Optimal allocation of distributed generations, shunt capacitors and, electric vehicle charging stations in reconfigurable distribution networks

The increasing global population, along with concerns about fossil fuel depletion and environmental pollution, has necessitated the development of alternative modes of transportation. The strategic allocation of charging stations for electric vehicles is essential for maximizing their benefits. A significant portion of power system losses can be attributed to the distribution network, primarily due to its low voltage levels, high currents, and the high ohmic resistance of the conductors. Therefore, addressing the reduction of losses in the distribution network is crucial. Various methods and algorithms have been proposed to minimize losses in distribution networks. One of the earliest and most effective approaches for reducing system losses is the allocation of capacitors within the distribution network. However, the use of capacitors in these networks has slightly declined due to the growth of distributed generation (DG) and the diversity of their output power. Currently, the allocation of distributed generation resources has supplanted this method. Over the past half-century, reconfiguring distribution systems has proven to be one of the most straightforward and cost-effective approaches for reducing distribution losses. Numerous studies have focused on the reconfiguration of distribution systems, each with distinct objectives. Additionally, many of these studies have examined distribution system reconfiguration on both a daily and hourly basis.
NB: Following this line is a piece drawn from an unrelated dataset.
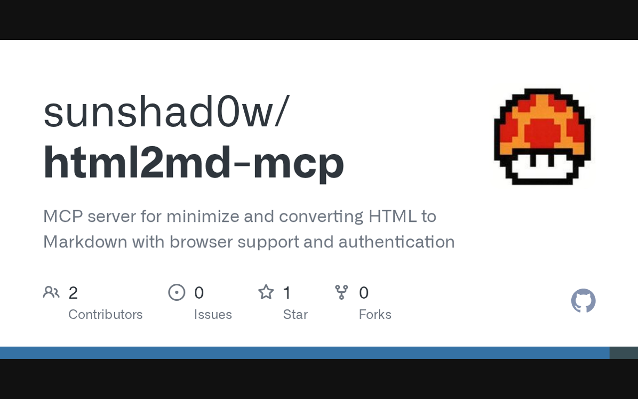 MCP server for converting HTML to Markdown with browser support and authentication. Reduces HTML size by 90-95% using trafilatura and BeautifulSoup4, with Playwright integration for JavaScript-rendered content.

This paper aims to reduce losses and improve the voltage profile by proposing a bi-level optimization problem. We present a novel method for dynamic distribution network reconfiguration by dividing 24 h into many intervals, rather than relying solely on real-time and hourly data (lower level). Electric vehicle charging stations (EVCSs), shunt capacitors (SCs), and distributed generation sources are optimally allocated (upper level). It is possible to reduce losses and improve voltage profiles by reconfiguring and allocating EVCSs, SCs, and DGs during these periods. Simulations were conducted on an IEEE 33-bus network. MATLAB software was utilized to reduce losses and improve the voltage profile using a genetic algorithm. According to the simulation results, this model produces better outcomes than previous approaches.